Below are records to transcribe in full and unchanged; omit every picture.

**Dataset extract**
"""

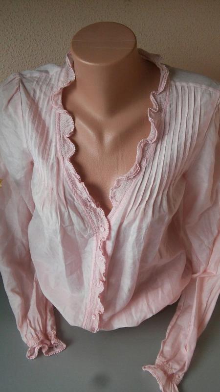 Невесомая блузочка, на лето отлично! Ткань на ощупь как батист шелковистый. Малюсенькие пуговки, внизу и на рукавах резиночки. Размер 34, но может подойти и на больший. В идеале, только нет верхней пуговки, но она и не нужна особо. ПОГ 47, рукав 63, длина 62, резиночка внизу 33, тянется до 50.
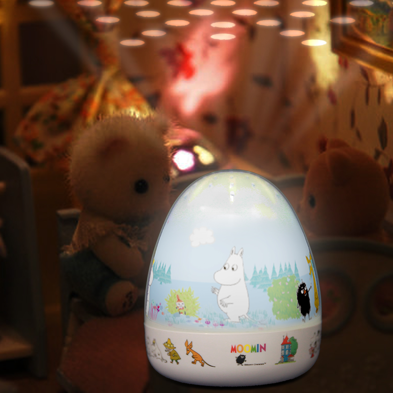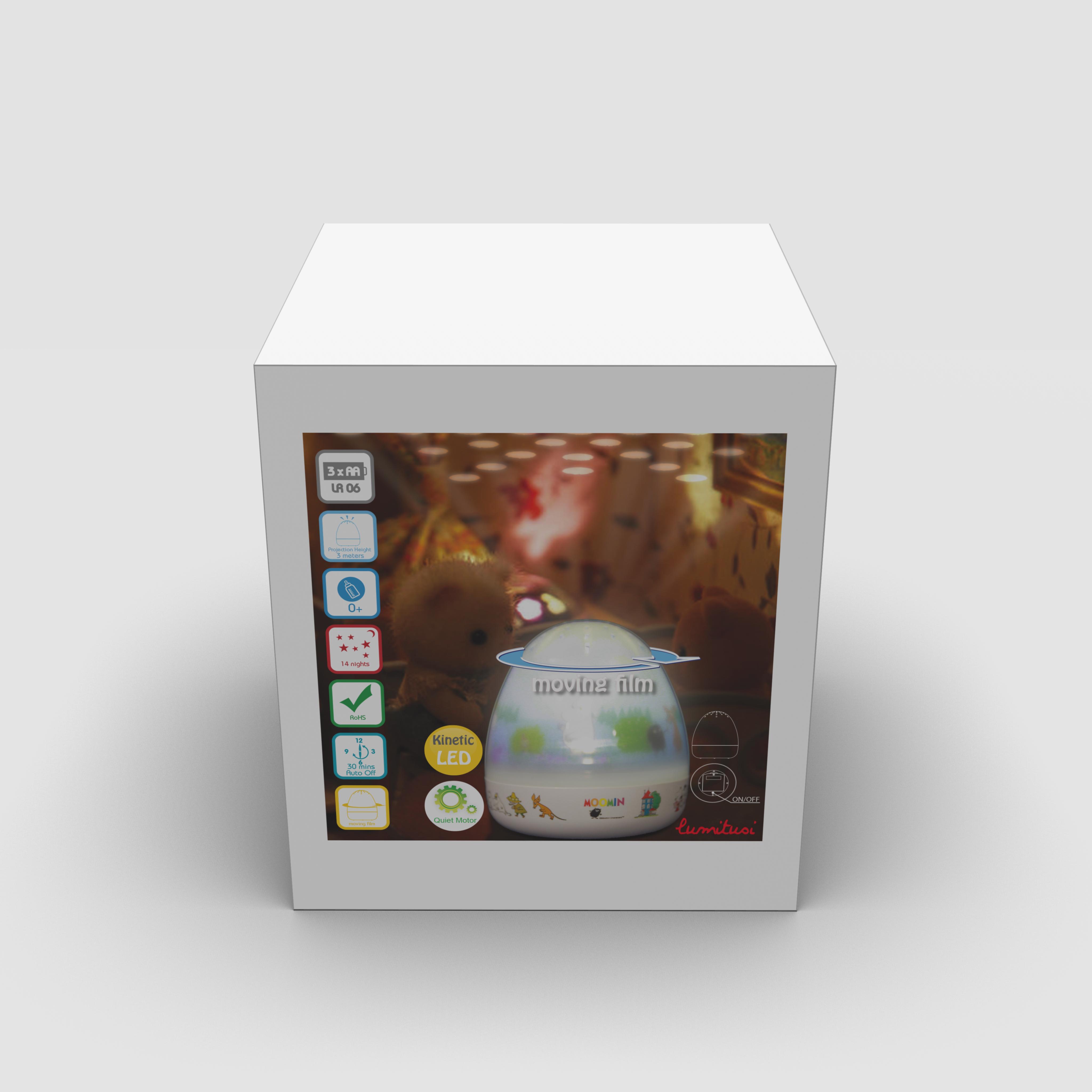 Lumitusi is proud to present the Moomin Rotational Theatre, a part of Moomin projection night light series. it is the perfect sleeping companion for young and old child with moving Moomin image, accompany with soothing lullaby. The device creates a fascinating moving starry night atmosphere by projecting onto ceiling and walls in a dark room. The built-in timer will allow 14 nights of operations for new batteries.
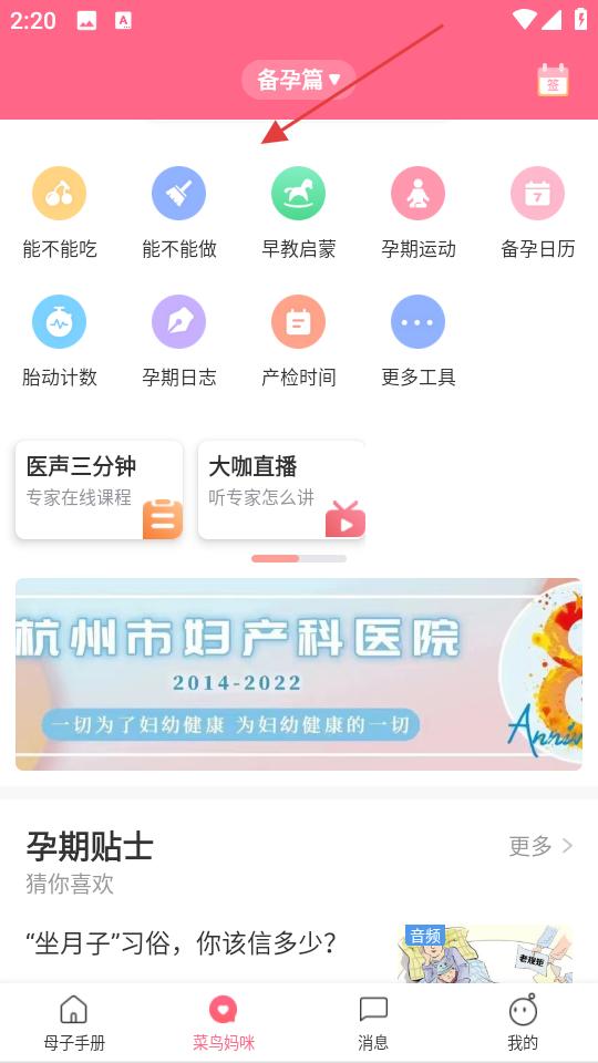 2、菜鳥媽咪備孕篇,有能不能吃等工具,還有醫(yī)聲課程、大咖直播,及孕期貼士,助力備孕知識學(xué)習(xí)。
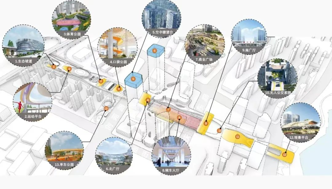 项目充分利用地上、地下及空中空间,将商业、办公、居住、绿地、地下停车和站房六大系统实现无缝连接与互通,不同业态在同一空间中和谐共存,不同标高在此巧妙折叠,将极大提升城市运行效率和居民生活质量。
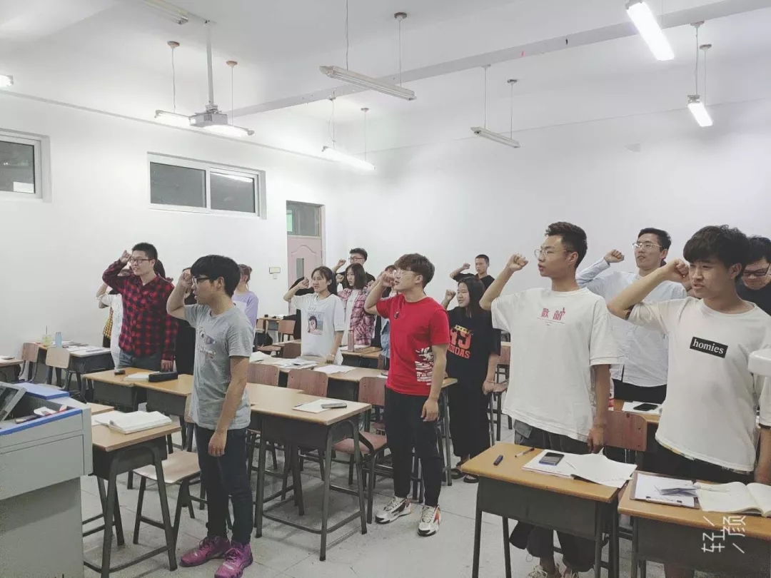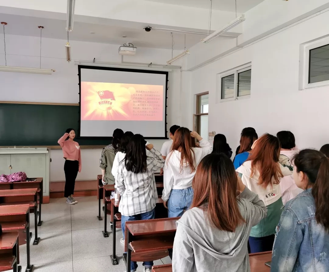 在以“青春心向党,建功新时代”为主题的班会上,首先由各团支部书记带领同学们庄严宣读中国共产主义青年团入团誓词,接着同学们全体起立,唱响中国共产主义青年团团歌
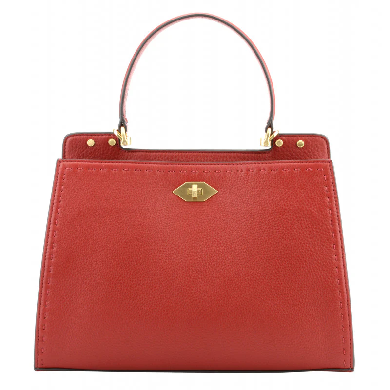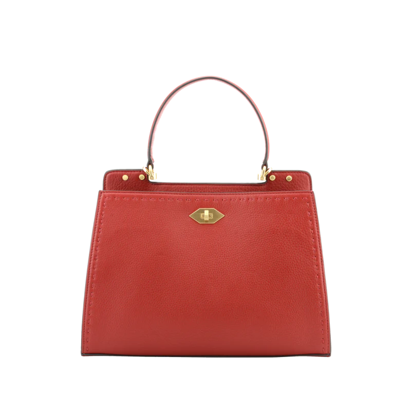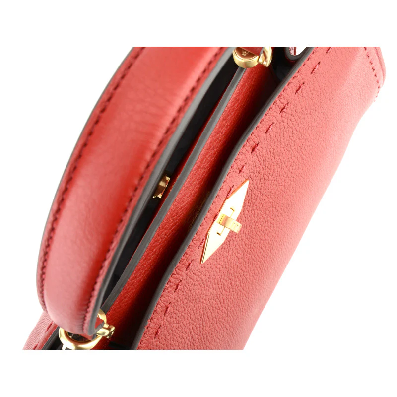 Les détails raffinés, tels que les rivets dorés et les coutures visibles, soulignent le savoir-faire artisanal de ce modèle. La fermeture est ornée d’un fermoir en métal doré, apportant une touche de sophistication supplémentaire. Le logo de la marque est discrètement intégré, ajoutant une note d’élégance sans ostentation.
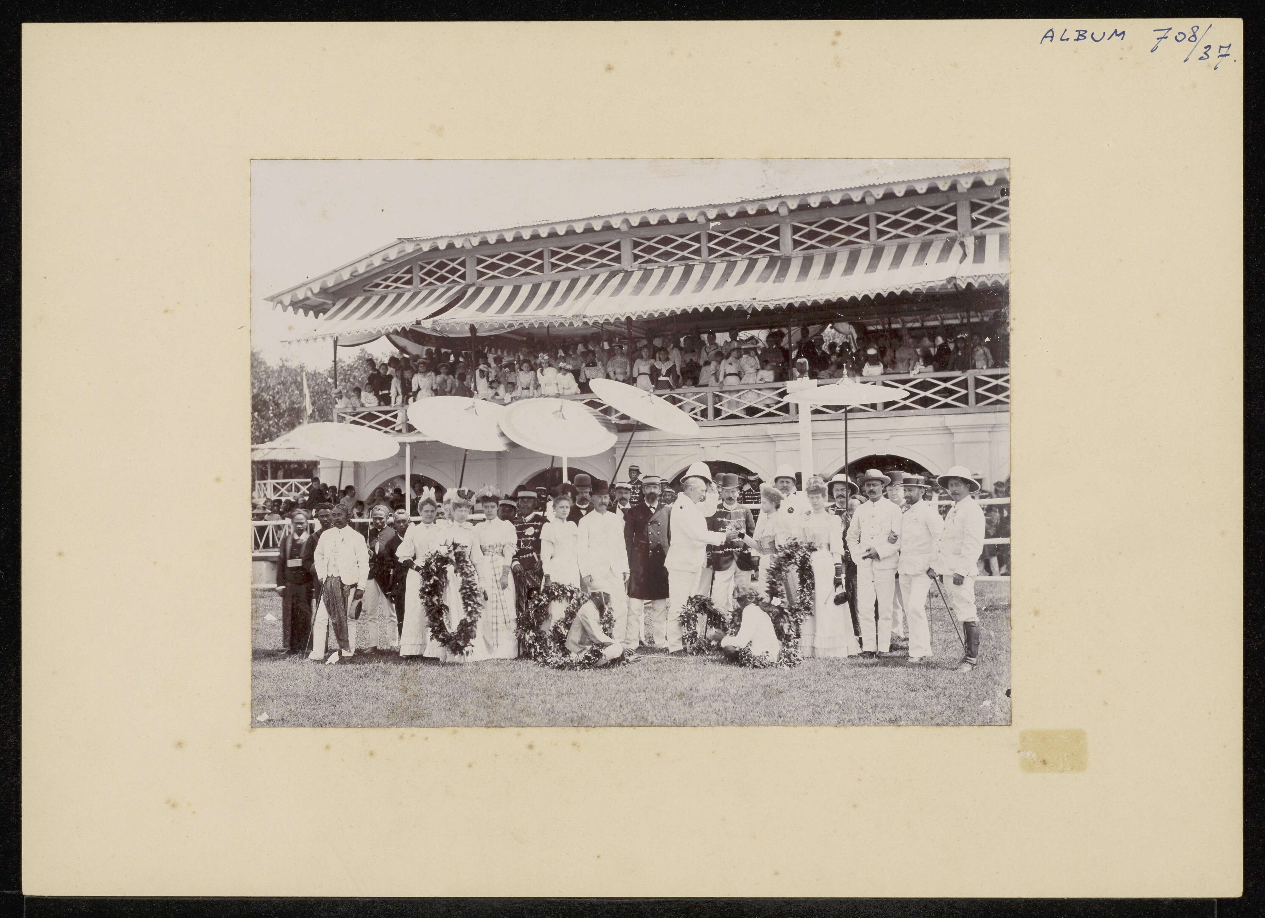 Eduard Julius Kerkhoven receiving flowers at the hor...
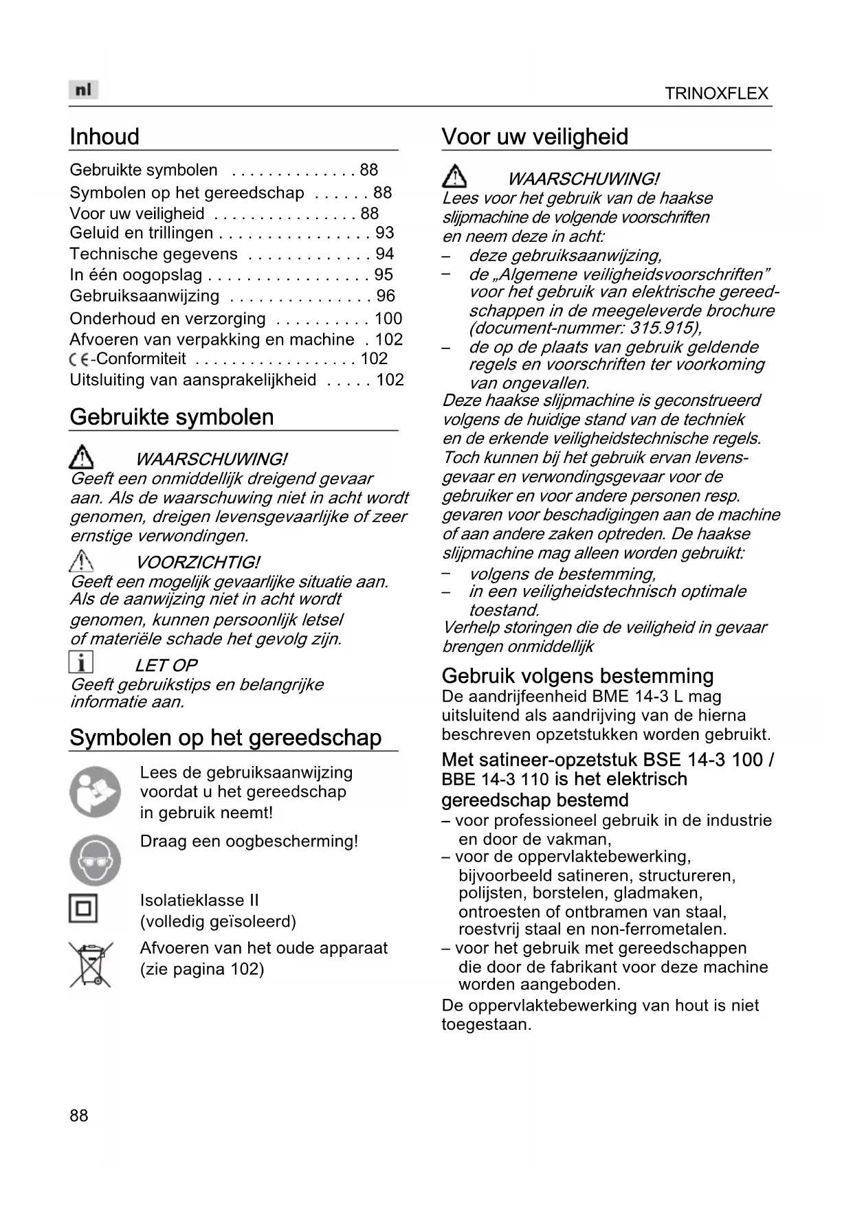 Gebruik volgens bestemming De aandrijfeenheid BME 14-3 L mag uitsluitend als aandrijving van de hierna beschreven opzetstukken worden gebruikt. Met satineer-opzetstuk BSE 14-3 100 / BBE 14-3 110 is het elektrisch gereedschap bestemd – voor professioneel gebruik in de industrie en door de vakman,– voor de oppervlaktebewerking, bijvoorbeeld satineren, structureren, polijsten, borstelen, gladmaken, ontroesten of ontbramen van staal, roestvrij staal en non-ferrometalen.– voor het gebruik met gereedschappen die door de fabrikant voor deze machine worden aangeboden.De oppervlaktebewerking van hout is niet toegestaan.TRINOXFLEX
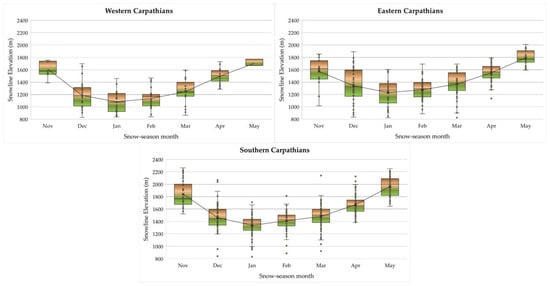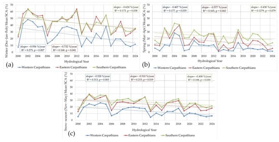 To complement pixel-wise phenology metrics with domain-level diagnostics, we derived snow-covered area (SCA) and a snowline elevation (SLE) indicator for the three major Carpathian units (Western, Eastern, Southern). SCA was computed for each hydrological year as the fraction of the analyzed area classified as snow (NDSI ≥ 40) and aggregated to seasonal windows aligned to the regional snow regime: winter (December–February), spring (March–April), and the full snow season (November–May). For each unit and seasonal window, we constructed interannual SCA series and evaluated linear trends using ordinary least squares regression, reporting slope (% yr−1) and associated fit statistics. To characterize the seasonal migration of the snowline, we combined the snow classification with FABDEM elevations and, for each month of the snow season (November–May) and hydrological year, extracted the elevations of snow-covered pixels within each unit to derive a representative SLE indicator for that month–year. Monthly SLE variability across the study period was summarized using box-and-whisker statistics (median, interquartile range, 1.5 × IQR whiskers, and outliers), enabling comparison of the typical mid-winter lowering and spring rise of the snowline among units.
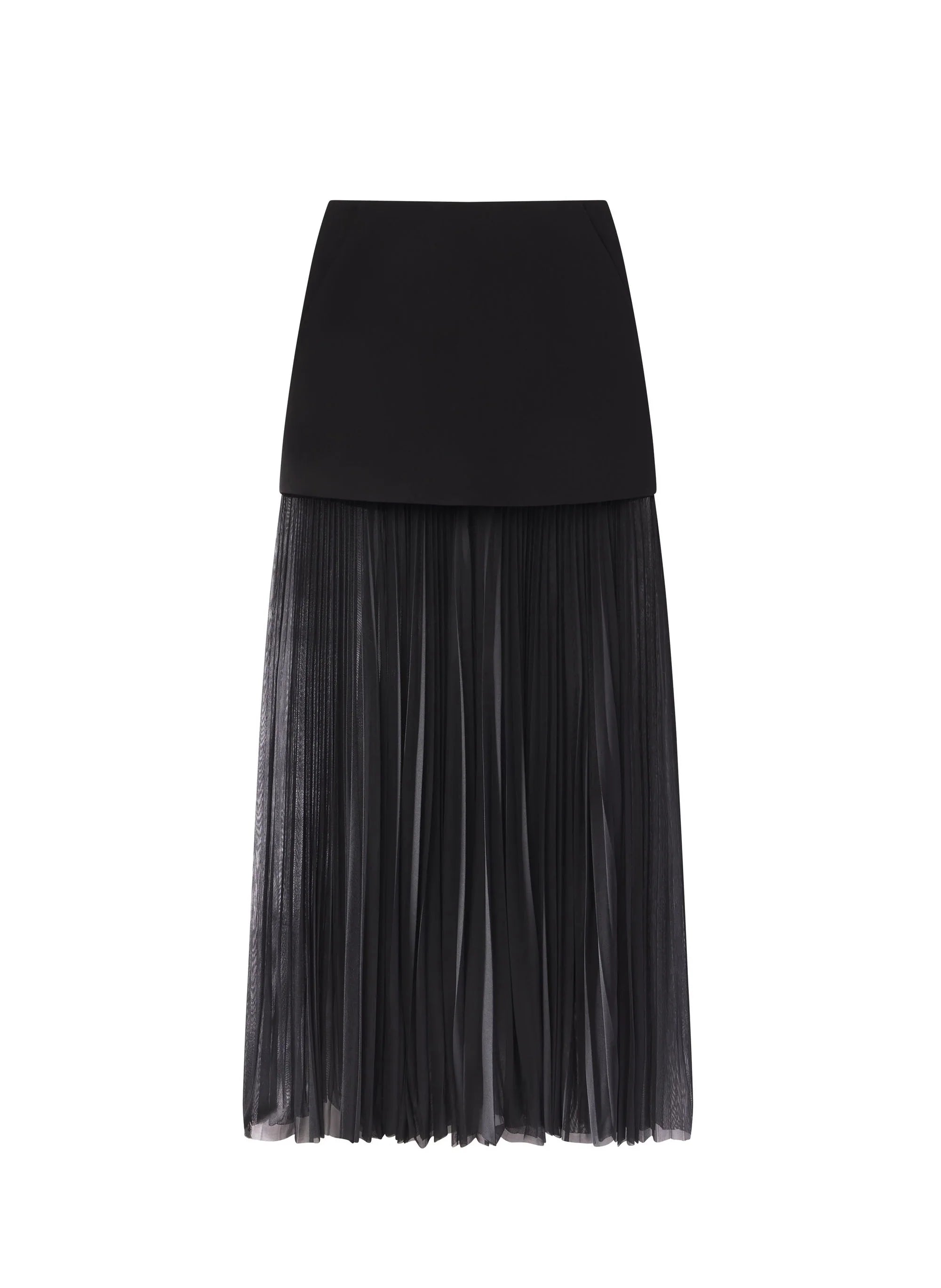 The Willa Skirt is pleated from our jersey cady fabric in timeless black. This long midi silhouette features semi-sheer pleating from the thigh down to the ankle. This style runs large. we recommend taking one size down from your typical size. Shop Bottoms.
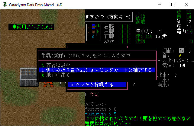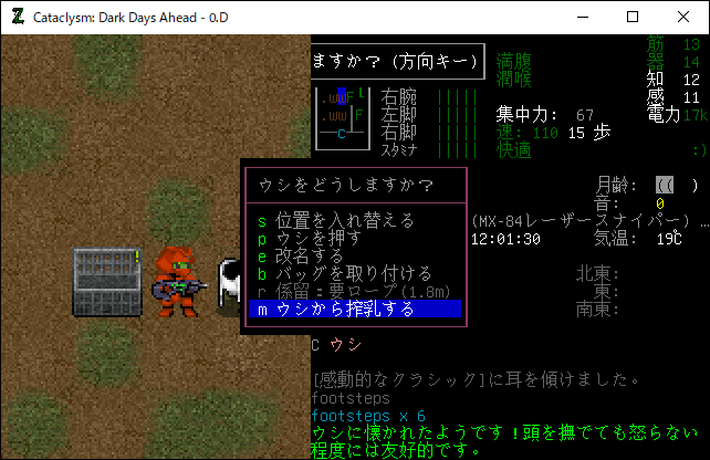 ペット化したウシに『e』コマンドを使うと上の選択肢が表示されます。犬のときと同じような選択肢ですね。名前をつけることも出来るんだってさ。犬と違うのは『搾乳』が可能な点だろう。

"""

**Reply**
 Невесомая блузочка, на лето отлично! Ткань на ощупь как батист шелковистый. Малюсенькие пуговки, внизу и на рукавах резиночки. Размер 34, но может подойти и на больший. В идеале, только нет верхней пуговки, но она и не нужна особо. ПОГ 47, рукав 63, длина 62, резиночка внизу 33, тянется до 50.
 Lumitusi is proud to present the Moomin Rotational Theatre, a part of Moomin projection night light series. it is the perfect sleeping companion for young and old child with moving Moomin image, accompany with soothing lullaby. The device creates a fascinating moving starry night atmosphere by projecting onto ceiling and walls in a dark room. The built-in timer will allow 14 nights of operations for new batteries.
 2、菜鳥媽咪備孕篇,有能不能吃等工具,還有醫(yī)聲課程、大咖直播,及孕期貼士,助力備孕知識學(xué)習(xí)。
 项目充分利用地上、地下及空中空间,将商业、办公、居住、绿地、地下停车和站房六大系统实现无缝连接与互通,不同业态在同一空间中和谐共存,不同标高在此巧妙折叠,将极大提升城市运行效率和居民生活质量。
 在以“青春心向党,建功新时代”为主题的班会上,首先由各团支部书记带领同学们庄严宣读中国共产主义青年团入团誓词,接着同学们全体起立,唱响中国共产主义青年团团歌
 Les détails raffinés, tels que les rivets dorés et les coutures visibles, soulignent le savoir-faire artisanal de ce modèle. La fermeture est ornée d’un fermoir en métal doré, apportant une touche de sophistication supplémentaire. Le logo de la marque est discrètement intégré, ajoutant une note d’élégance sans ostentation.
 Eduard Julius Kerkhoven receiving flowers at the hor...
 Gebruik volgens bestemming De aandrijfeenheid BME 14-3 L mag uitsluitend als aandrijving van de hierna beschreven opzetstukken worden gebruikt. Met satineer-opzetstuk BSE 14-3 100 / BBE 14-3 110 is het elektrisch gereedschap bestemd – voor professioneel gebruik in de industrie en door de vakman,– voor de oppervlaktebewerking, bijvoorbeeld satineren, structureren, polijsten, borstelen, gladmaken, ontroesten of ontbramen van staal, roestvrij staal en non-ferrometalen.– voor het gebruik met gereedschappen die door de fabrikant voor deze machine worden aangeboden.De oppervlaktebewerking van hout is niet toegestaan.TRINOXFLEX
 To complement pixel-wise phenology metrics with domain-level diagnostics, we derived snow-covered area (SCA) and a snowline elevation (SLE) indicator for the three major Carpathian units (Western, Eastern, Southern). SCA was computed for each hydrological year as the fraction of the analyzed area classified as snow (NDSI ≥ 40) and aggregated to seasonal windows aligned to the regional snow regime: winter (December–February), spring (March–April), and the full snow season (November–May). For each unit and seasonal window, we constructed interannual SCA series and evaluated linear trends using ordinary least squares regression, reporting slope (% yr−1) and associated fit statistics. To characterize the seasonal migration of the snowline, we combined the snow classification with FABDEM elevations and, for each month of the snow season (November–May) and hydrological year, extracted the elevations of snow-covered pixels within each unit to derive a representative SLE indicator for that month–year. Monthly SLE variability across the study period was summarized using box-and-whisker statistics (median, interquartile range, 1.5 × IQR whiskers, and outliers), enabling comparison of the typical mid-winter lowering and spring rise of the snowline among units.
 The Willa Skirt is pleated from our jersey cady fabric in timeless black. This long midi silhouette features semi-sheer pleating from the thigh down to the ankle. This style runs large. we recommend taking one size down from your typical size. Shop Bottoms.
 ペット化したウシに『e』コマンドを使うと上の選択肢が表示されます。犬のときと同じような選択肢ですね。名前をつけることも出来るんだってさ。犬と違うのは『搾乳』が可能な点だろう。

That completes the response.